* Requirement:
Taking the data below, please print only the lines from the line holding "5. Взбиваем миксером" to the line holding "Carta da parati", inclusive, with pictures omitted.

* Input data:
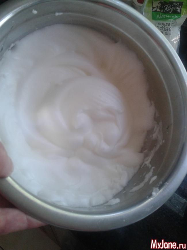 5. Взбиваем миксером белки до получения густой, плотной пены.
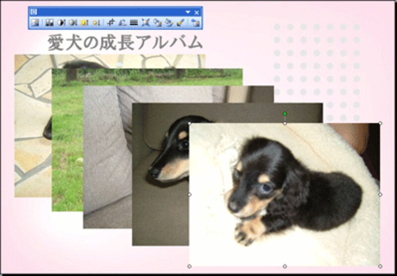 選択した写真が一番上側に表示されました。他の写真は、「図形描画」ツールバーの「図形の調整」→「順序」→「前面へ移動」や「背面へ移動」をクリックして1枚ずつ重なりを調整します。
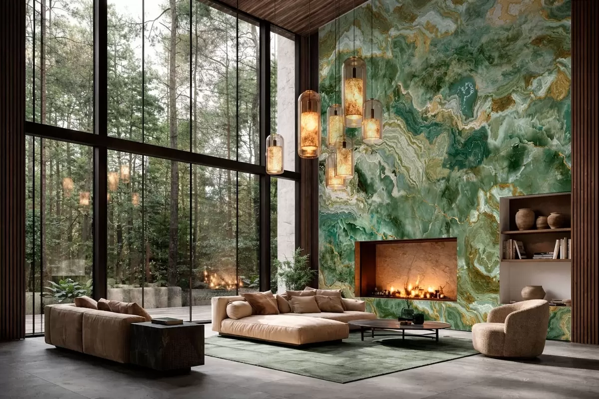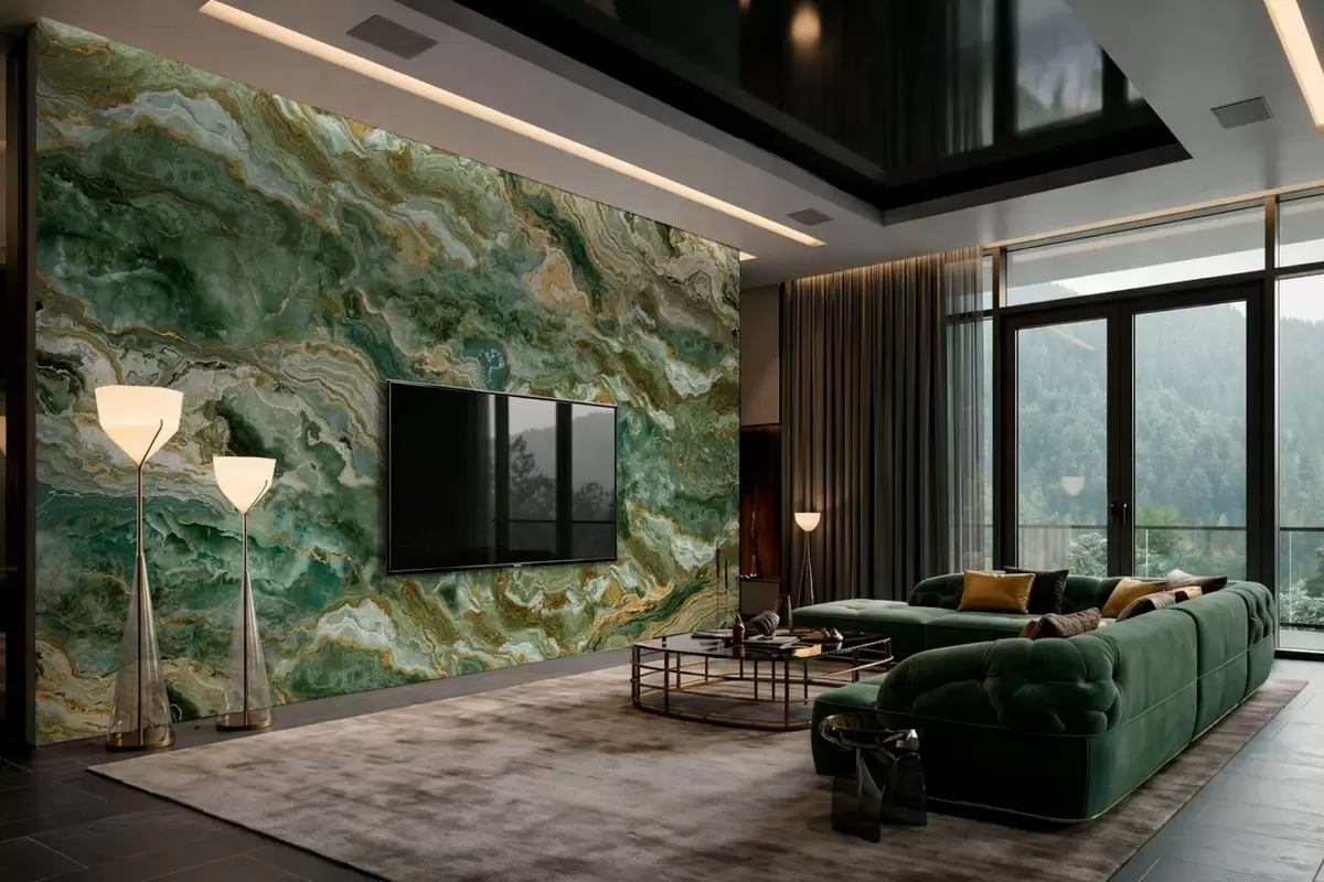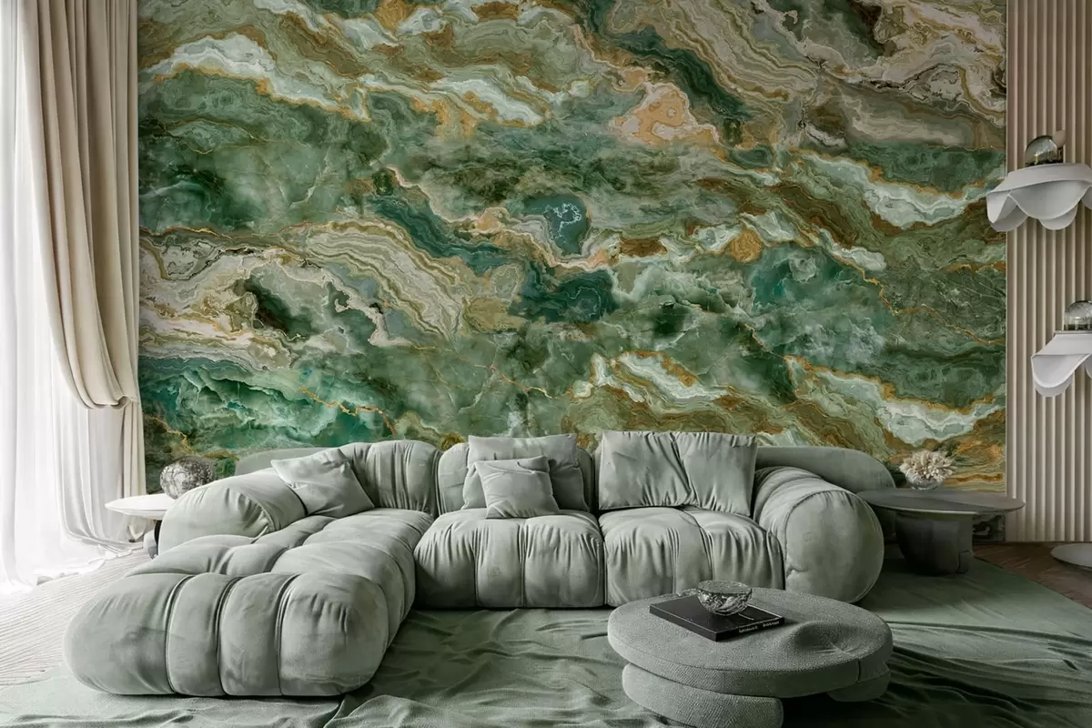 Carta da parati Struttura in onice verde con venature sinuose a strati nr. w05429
==
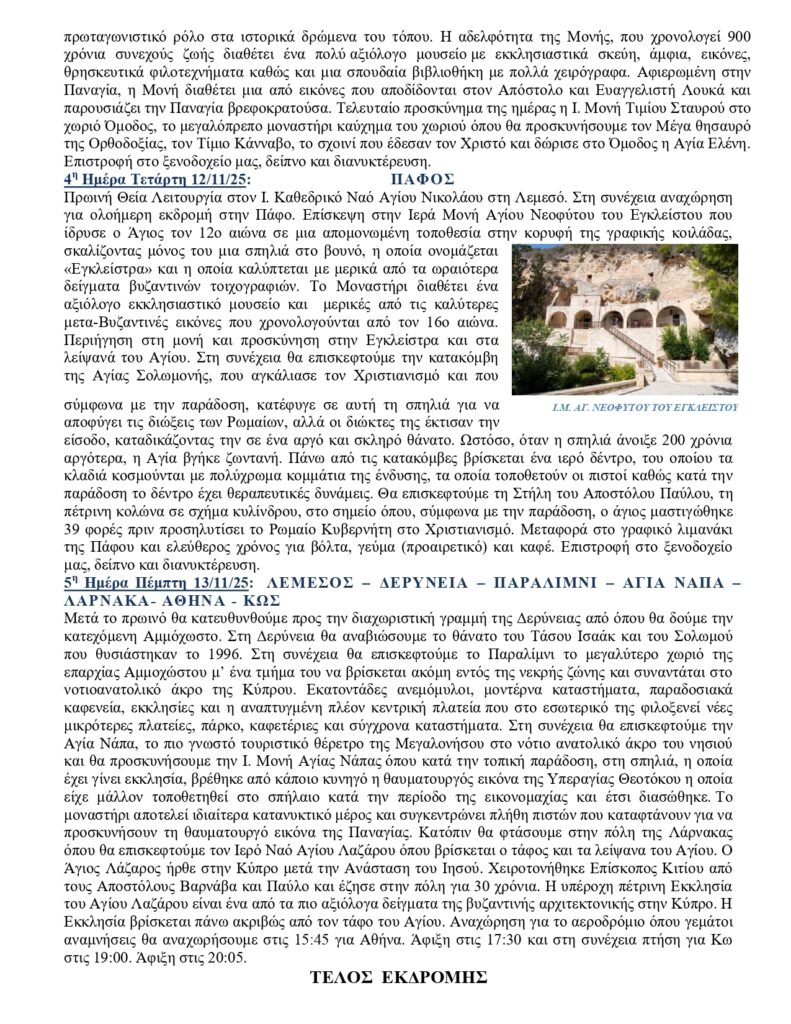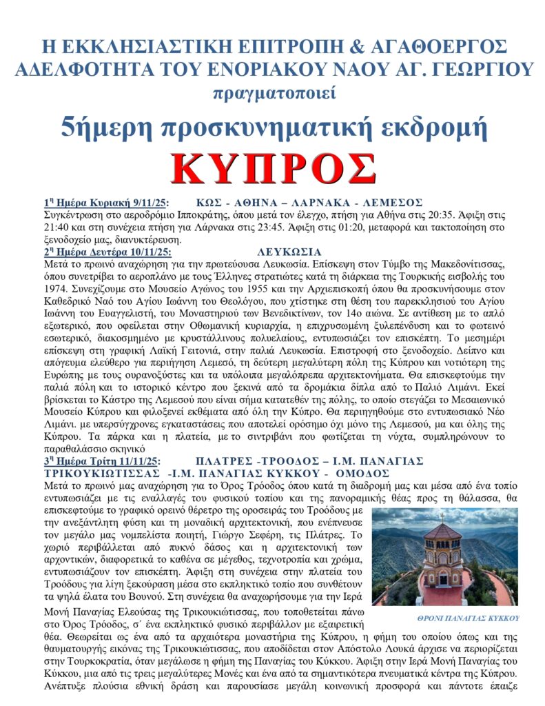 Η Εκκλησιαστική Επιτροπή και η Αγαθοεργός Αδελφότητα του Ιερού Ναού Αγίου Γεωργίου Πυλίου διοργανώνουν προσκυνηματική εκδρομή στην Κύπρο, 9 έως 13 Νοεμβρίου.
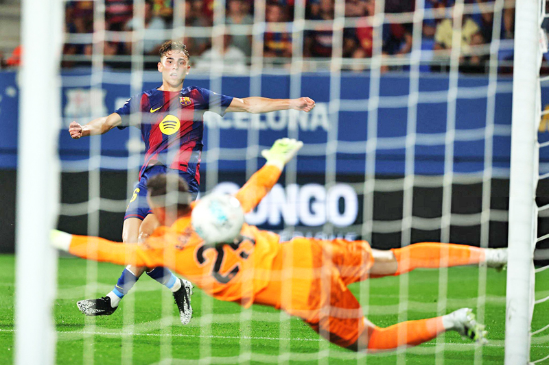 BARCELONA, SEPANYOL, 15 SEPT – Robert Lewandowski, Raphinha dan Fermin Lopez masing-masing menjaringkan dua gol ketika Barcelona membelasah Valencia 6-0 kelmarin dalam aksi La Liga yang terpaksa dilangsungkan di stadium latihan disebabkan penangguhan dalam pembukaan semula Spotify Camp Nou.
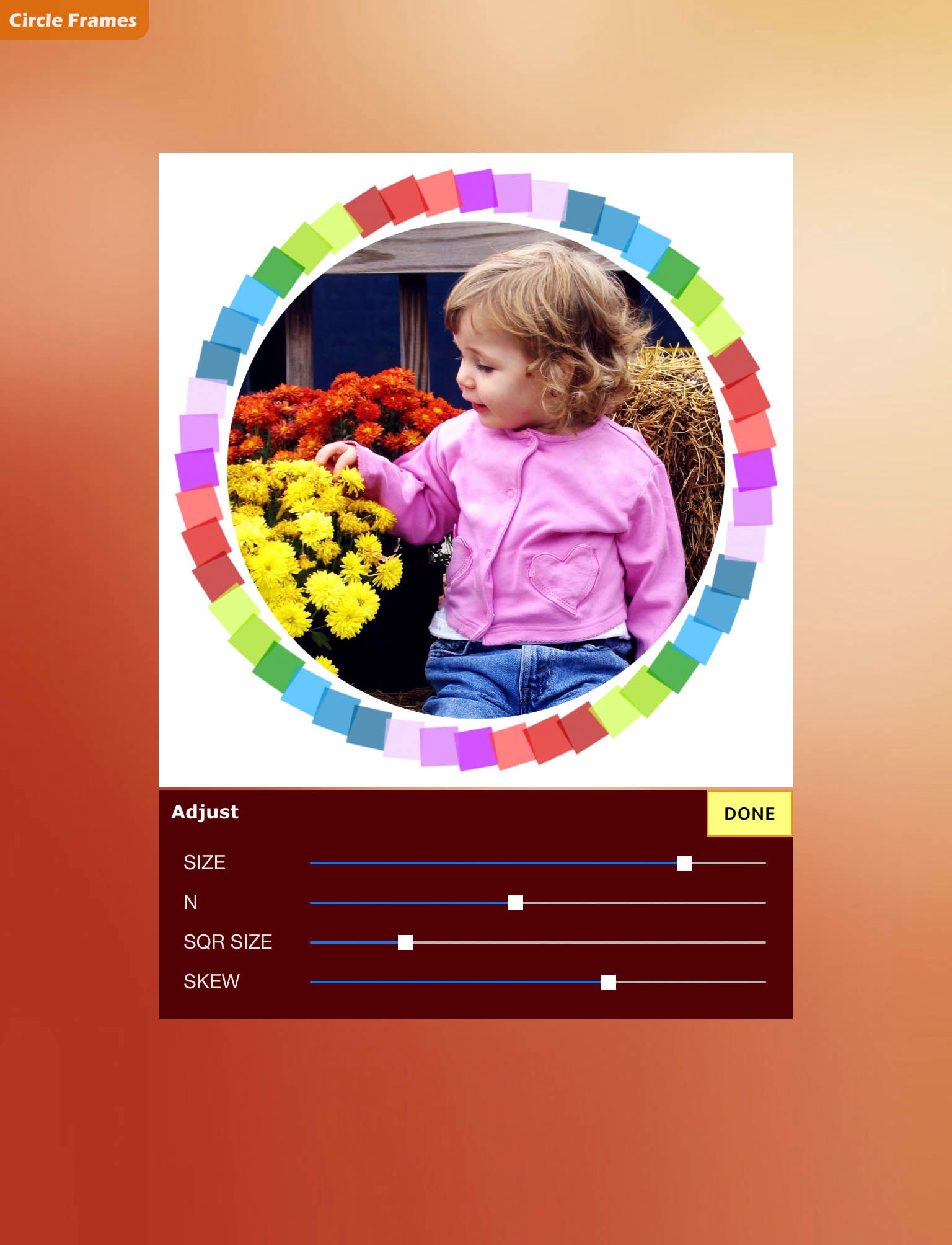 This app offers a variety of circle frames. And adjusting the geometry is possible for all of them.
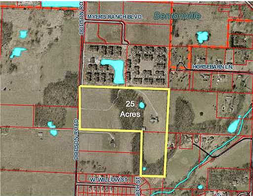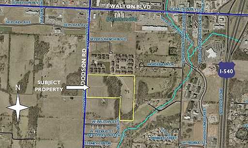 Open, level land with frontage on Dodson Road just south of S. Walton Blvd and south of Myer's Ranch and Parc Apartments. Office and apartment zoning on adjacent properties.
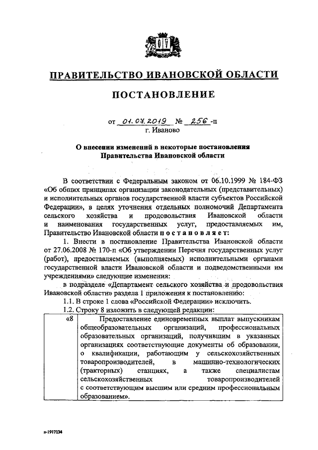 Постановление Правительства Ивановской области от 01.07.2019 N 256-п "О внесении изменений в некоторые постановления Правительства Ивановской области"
--
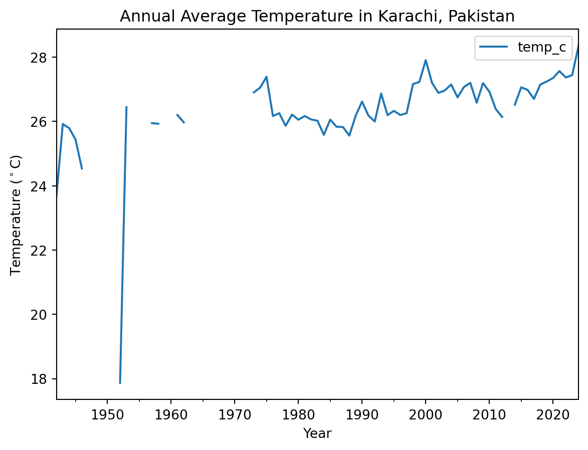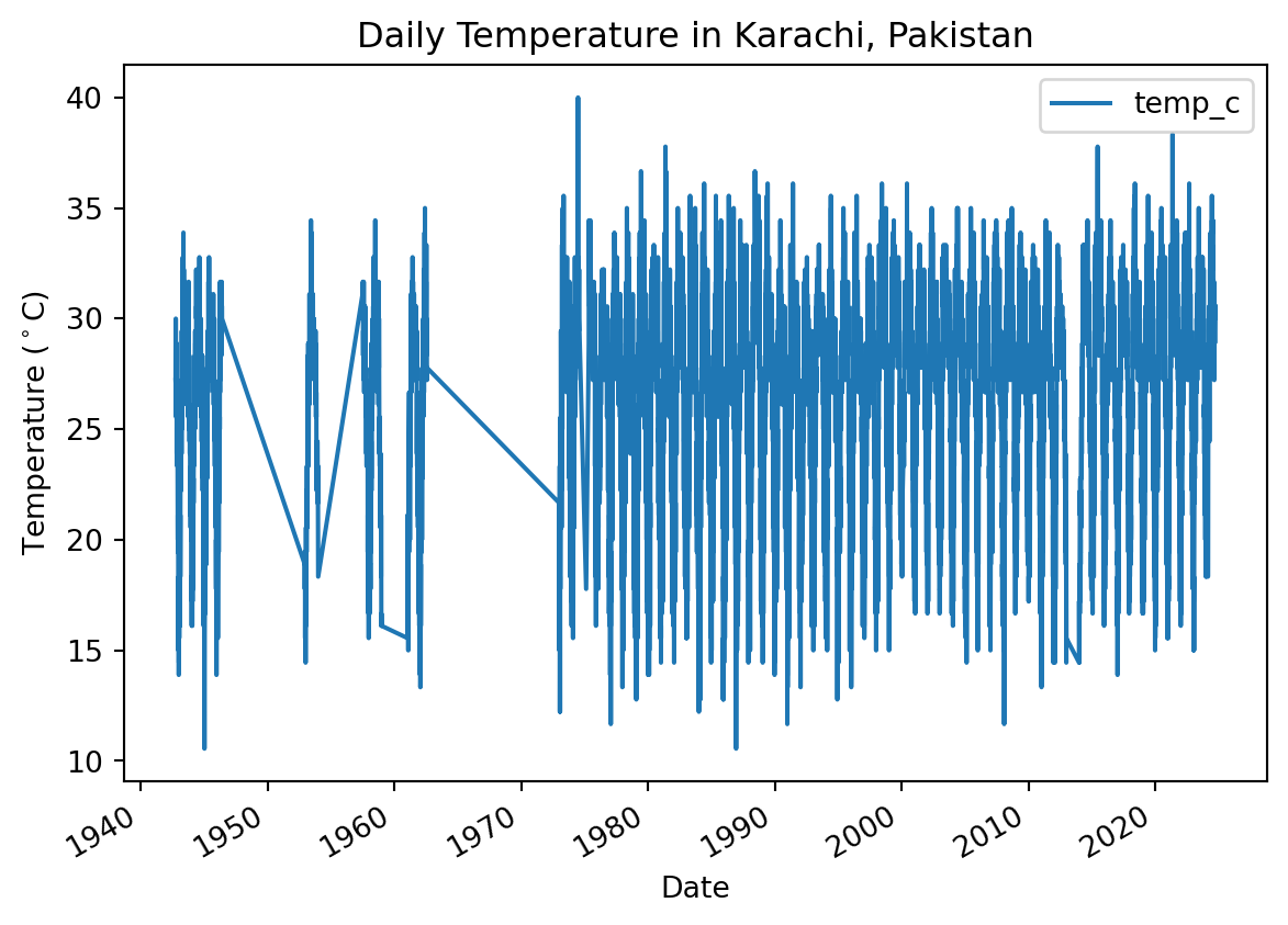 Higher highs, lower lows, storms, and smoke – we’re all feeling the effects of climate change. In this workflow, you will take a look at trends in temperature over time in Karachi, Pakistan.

* Response to the task:
 5. Взбиваем миксером белки до получения густой, плотной пены.
 選択した写真が一番上側に表示されました。他の写真は、「図形描画」ツールバーの「図形の調整」→「順序」→「前面へ移動」や「背面へ移動」をクリックして1枚ずつ重なりを調整します。
 Carta da parati Struttura in onice verde con venature sinuose a strati nr. w05429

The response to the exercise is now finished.